**Problem to solve:** Only one span is wanted from the lines below: from the one with "낙엽은 이끼와 돌과 오솔길을 덮고 있다." up to and including the one with "8)stroke의 start 및". Copy it exactly, without images.

**Input records:**
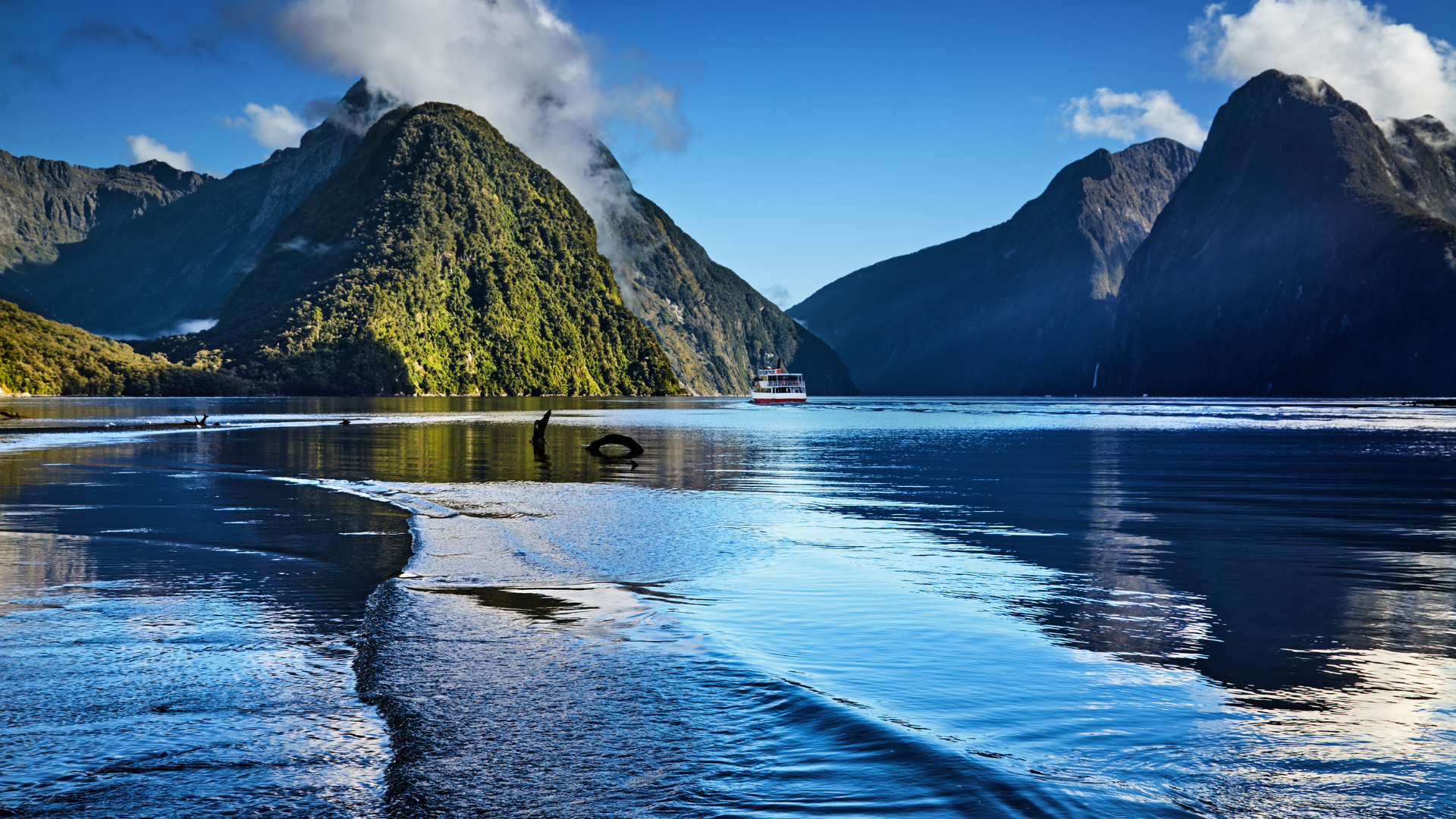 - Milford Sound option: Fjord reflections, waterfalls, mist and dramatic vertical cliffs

* * *

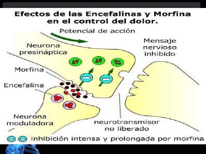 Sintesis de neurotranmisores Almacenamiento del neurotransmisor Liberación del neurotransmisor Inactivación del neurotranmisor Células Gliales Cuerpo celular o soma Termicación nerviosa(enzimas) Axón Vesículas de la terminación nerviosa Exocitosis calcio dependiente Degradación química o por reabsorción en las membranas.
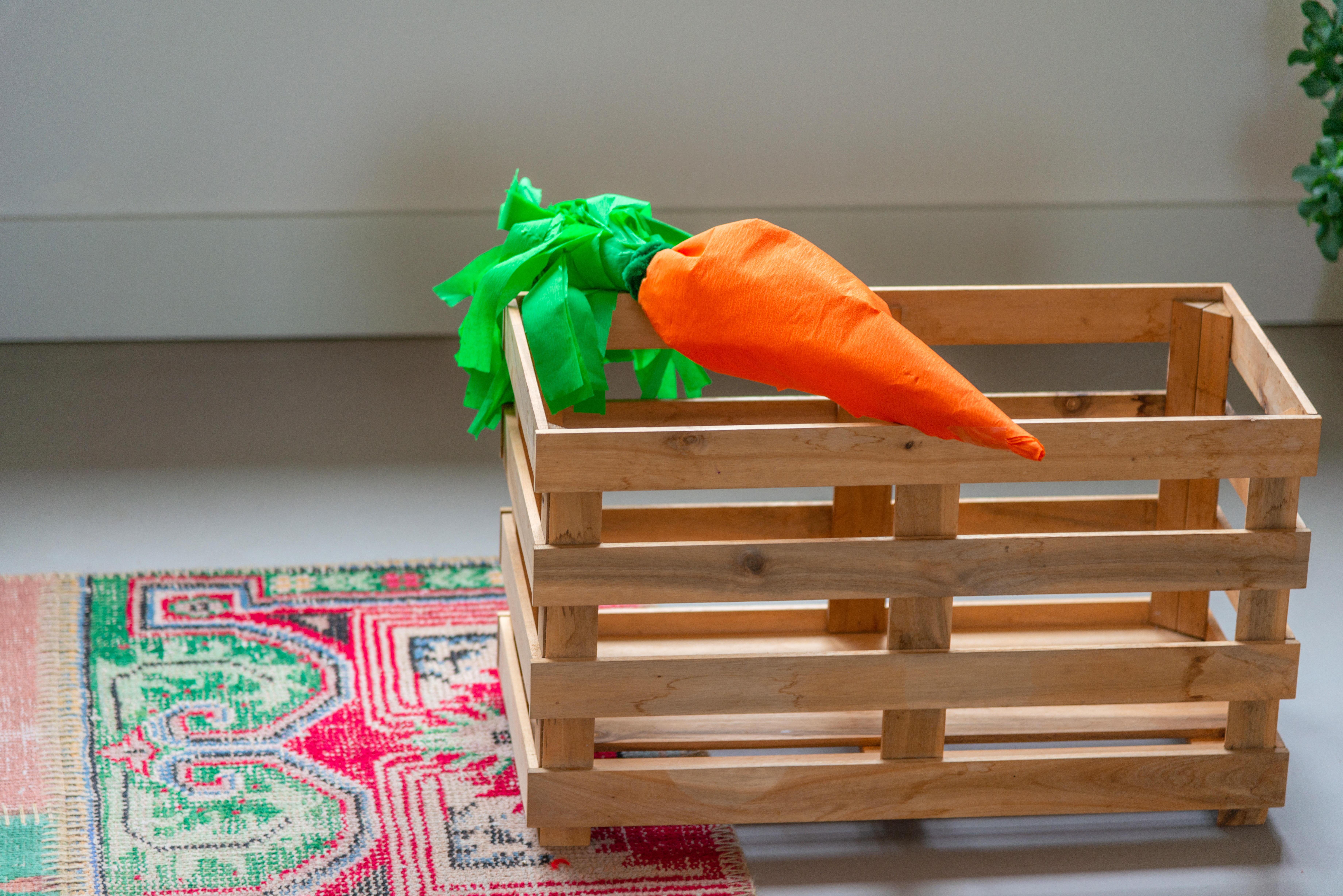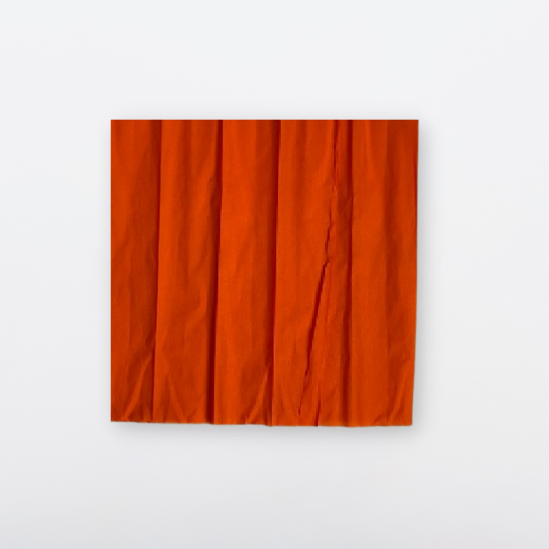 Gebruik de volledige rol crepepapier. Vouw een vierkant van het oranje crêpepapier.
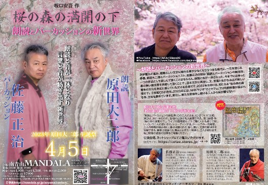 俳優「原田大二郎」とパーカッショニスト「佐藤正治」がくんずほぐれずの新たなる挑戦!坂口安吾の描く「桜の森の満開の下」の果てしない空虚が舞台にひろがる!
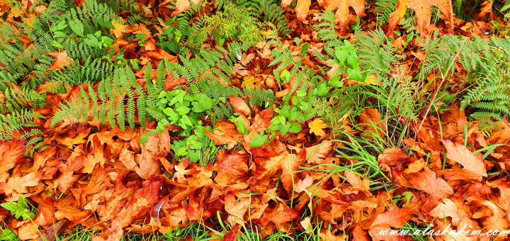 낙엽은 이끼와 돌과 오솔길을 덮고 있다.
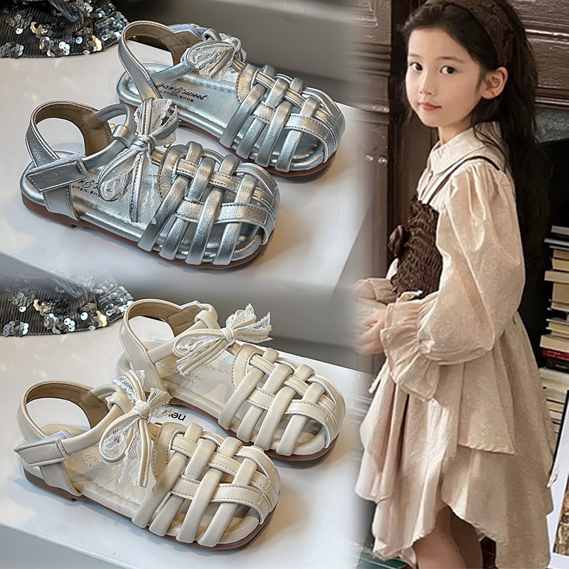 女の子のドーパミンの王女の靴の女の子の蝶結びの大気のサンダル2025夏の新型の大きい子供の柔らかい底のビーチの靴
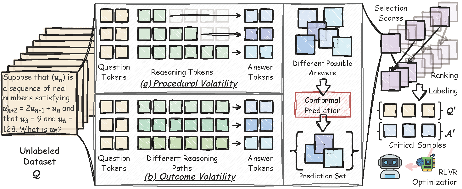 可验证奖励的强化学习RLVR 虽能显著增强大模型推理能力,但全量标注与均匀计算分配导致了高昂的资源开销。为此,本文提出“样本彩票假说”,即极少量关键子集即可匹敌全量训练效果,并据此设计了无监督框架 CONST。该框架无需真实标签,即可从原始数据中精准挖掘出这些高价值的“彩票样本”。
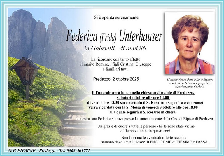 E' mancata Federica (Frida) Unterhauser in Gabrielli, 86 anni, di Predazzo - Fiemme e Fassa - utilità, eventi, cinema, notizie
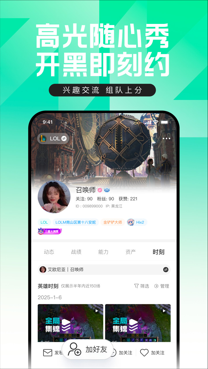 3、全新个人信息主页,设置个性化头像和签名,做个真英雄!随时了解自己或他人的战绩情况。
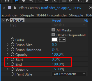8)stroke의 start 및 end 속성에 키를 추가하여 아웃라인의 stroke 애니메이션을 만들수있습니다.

...

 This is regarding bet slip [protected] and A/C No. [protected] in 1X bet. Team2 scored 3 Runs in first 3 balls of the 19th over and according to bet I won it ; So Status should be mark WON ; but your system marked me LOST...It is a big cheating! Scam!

**Task response:**
 낙엽은 이끼와 돌과 오솔길을 덮고 있다.
 女の子のドーパミンの王女の靴の女の子の蝶結びの大気のサンダル2025夏の新型の大きい子供の柔らかい底のビーチの靴
 可验证奖励的强化学习RLVR 虽能显著增强大模型推理能力,但全量标注与均匀计算分配导致了高昂的资源开销。为此,本文提出“样本彩票假说”,即极少量关键子集即可匹敌全量训练效果,并据此设计了无监督框架 CONST。该框架无需真实标签,即可从原始数据中精准挖掘出这些高价值的“彩票样本”。
 E' mancata Federica (Frida) Unterhauser in Gabrielli, 86 anni, di Predazzo - Fiemme e Fassa - utilità, eventi, cinema, notizie
 3、全新个人信息主页,设置个性化头像和签名,做个真英雄!随时了解自己或他人的战绩情况。
8)stroke의 start 및 end 속성에 키를 추가하여 아웃라인의 stroke 애니메이션을 만들수있습니다.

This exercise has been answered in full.